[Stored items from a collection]
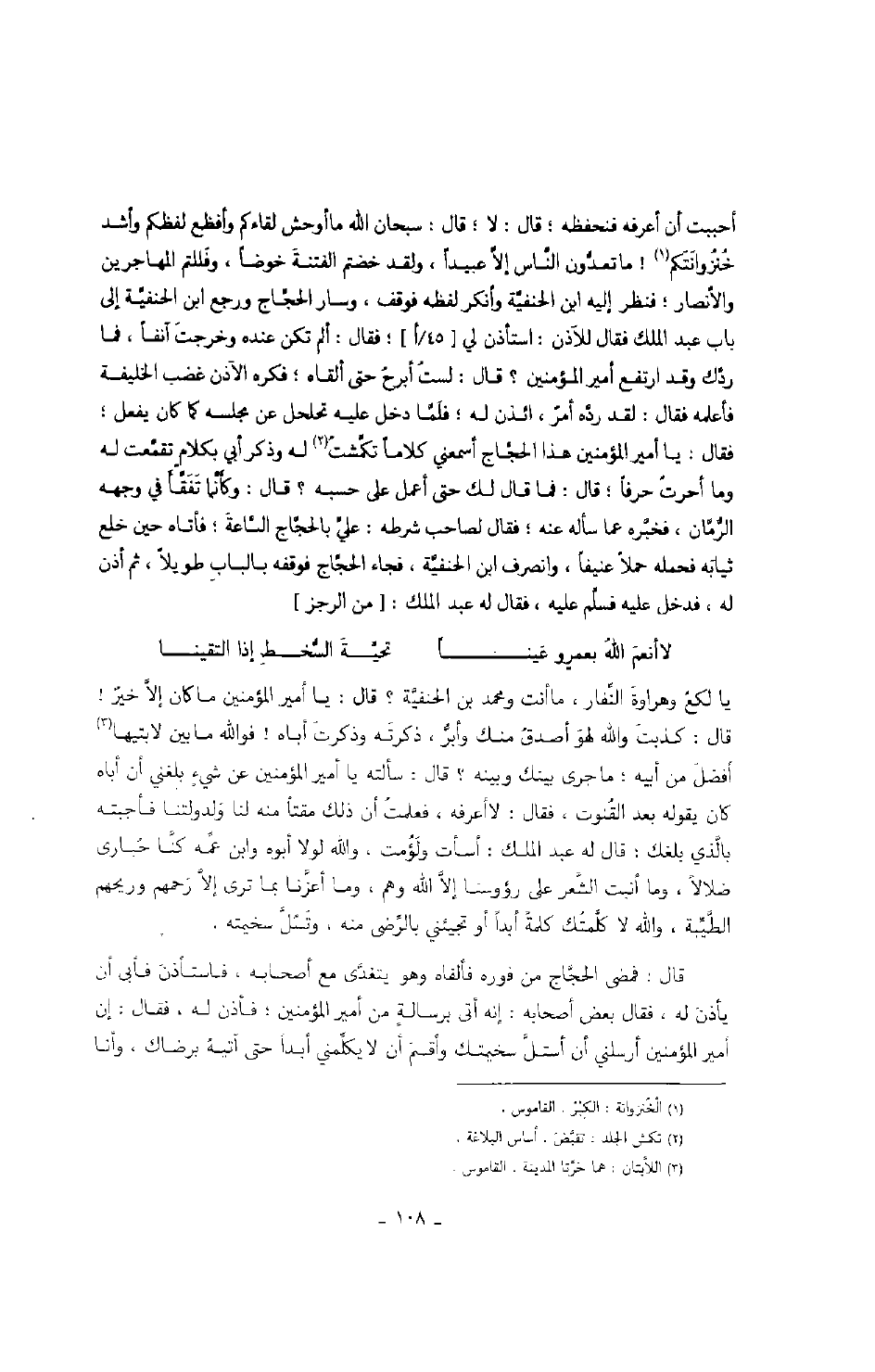 أحببت أن أعرفه فنحفظه؛ قال: لا؛ قال: سبحان الله ما أوحش لقاءكم وأفظع لفظكم وأشد خنزوانتكم ما تعدون الناس إلا عبيداً، ولقد خضتم الفتنة خوضاً، وفللتم المهاجرين والأنصار؛ فنظر إليه ابن الحنفية وأنكر لفظه فوقف، وسار الحجاج ورجع ابن الحنفية إلى باب عبد الملك فقال للآذن: استأذن لي؛ فقال: ألم تكن عنده وخرجت آنفاً، فما ردك وقد ارتفع أمير المؤمنين؟ قال: لست أبرح حتى ألقاه؛ فكره لآذن غضب الخليفة فأعلمه فقال: لقد رده أمرٌ، ائذن له؛ فلما دخل عليه تحلحل عن مجلسه كما كان يفعل؛ فقال: يا أمير المؤمنين هذا الحجاج أسمعني كلاماً تكمشت له وذكر أبي بكلامٍ تقمعت له وما أحرت حرفاً؛ قال: فما قال لك حتى أعمل على حسبه؟ قال: وكأنما تفقأ في وجهه الرمان، فخبره عما سأله عنه؛ فقال لصاحب شرطه: علي بالحجاج الساعة؛ فأتاه حين خلع ثيابه فحمله حملاً عنيفاً، وانصرف ابن الحنفية، فجاء الحجاج فوقفه بالباب طويلاً، ثم أذن له، فدخل عليه فسلم عليه، فقال له عبد الملك: من الرجز
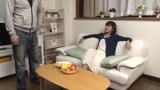 CFNMタマ揉み!下半身丸出しの男と着衣の女性。
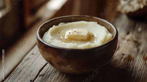 A warm bowl of creamy mashed potatoes with a dollop of butter resting on a rustic wooden table
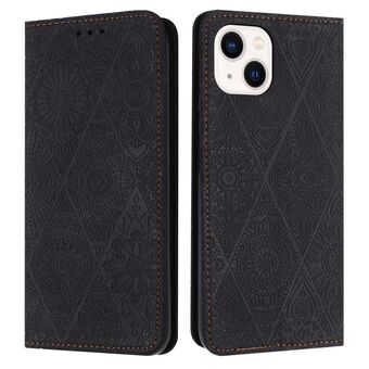 Θήκη τηλεφώνου από δέρμα με απορρόφηση και εθνοτικά ανάγλυφα για iPhone 14 Plus (Μωβ)
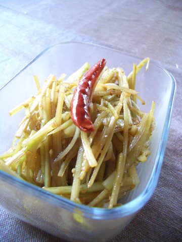 材 料:山うどの皮 適量→さっと酢水にさらし、水気を除いて千切り
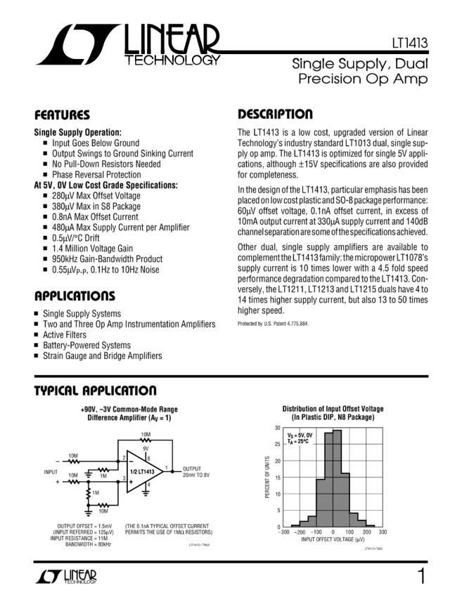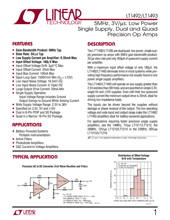 5MHz, 3V/us, Low Power Single Supply, Dual and Quad Precision Op Amps

* _How to complete this task_: Please copy the lines above, starting at the one that holds "Θήκη τηλεφώνου από" and stopping after the last line, exactly as they appear and minus the pictures.

* _Exercise response_:
 Θήκη τηλεφώνου από δέρμα με απορρόφηση και εθνοτικά ανάγλυφα για iPhone 14 Plus (Μωβ)
 材 料:山うどの皮 適量→さっと酢水にさらし、水気を除いて千切り
 5MHz, 3V/us, Low Power Single Supply, Dual and Quad Precision Op Amps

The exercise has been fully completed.